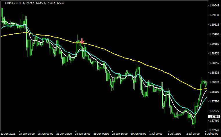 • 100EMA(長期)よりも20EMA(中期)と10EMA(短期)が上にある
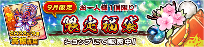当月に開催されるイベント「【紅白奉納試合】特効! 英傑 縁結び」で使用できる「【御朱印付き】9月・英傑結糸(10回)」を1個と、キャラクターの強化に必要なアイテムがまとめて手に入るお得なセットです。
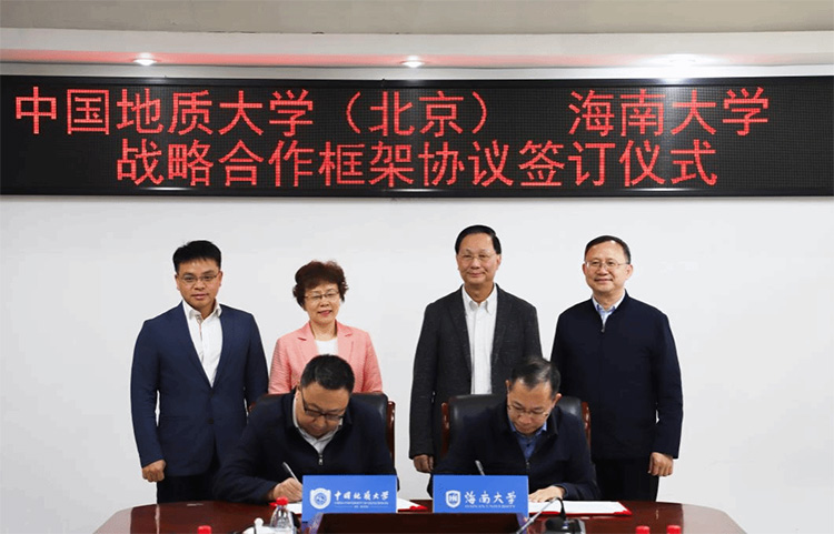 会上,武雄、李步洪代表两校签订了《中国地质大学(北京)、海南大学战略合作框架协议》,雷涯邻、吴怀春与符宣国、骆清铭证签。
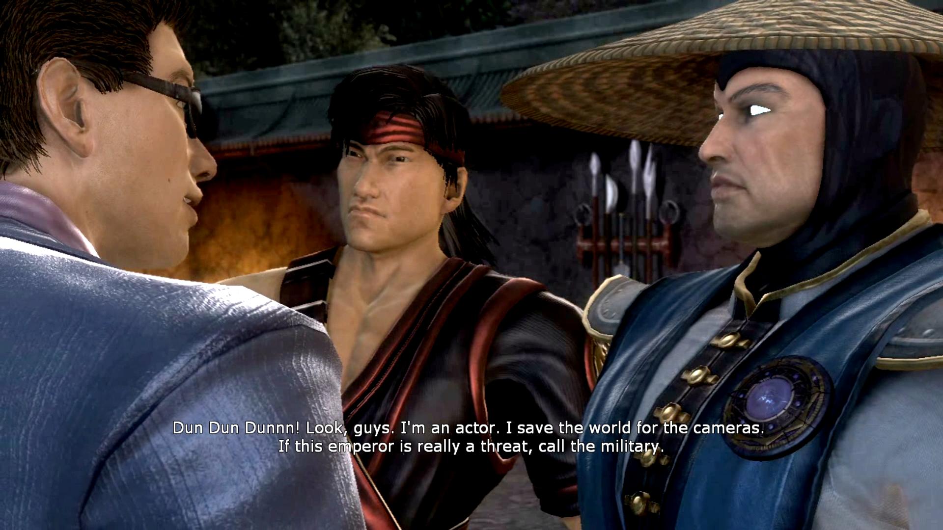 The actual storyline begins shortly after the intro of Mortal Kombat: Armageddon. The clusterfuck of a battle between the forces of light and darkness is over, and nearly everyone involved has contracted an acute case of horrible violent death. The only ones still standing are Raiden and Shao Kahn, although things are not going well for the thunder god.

--

What to do
Begin at the line containing "会上,武雄、李步洪代表两校签" and restate exactly every line through the end of the material, skipping the pictures.

Task response
 会上,武雄、李步洪代表两校签订了《中国地质大学(北京)、海南大学战略合作框架协议》,雷涯邻、吴怀春与符宣国、骆清铭证签。
 The actual storyline begins shortly after the intro of Mortal Kombat: Armageddon. The clusterfuck of a battle between the forces of light and darkness is over, and nearly everyone involved has contracted an acute case of horrible violent death. The only ones still standing are Raiden and Shao Kahn, although things are not going well for the thunder god.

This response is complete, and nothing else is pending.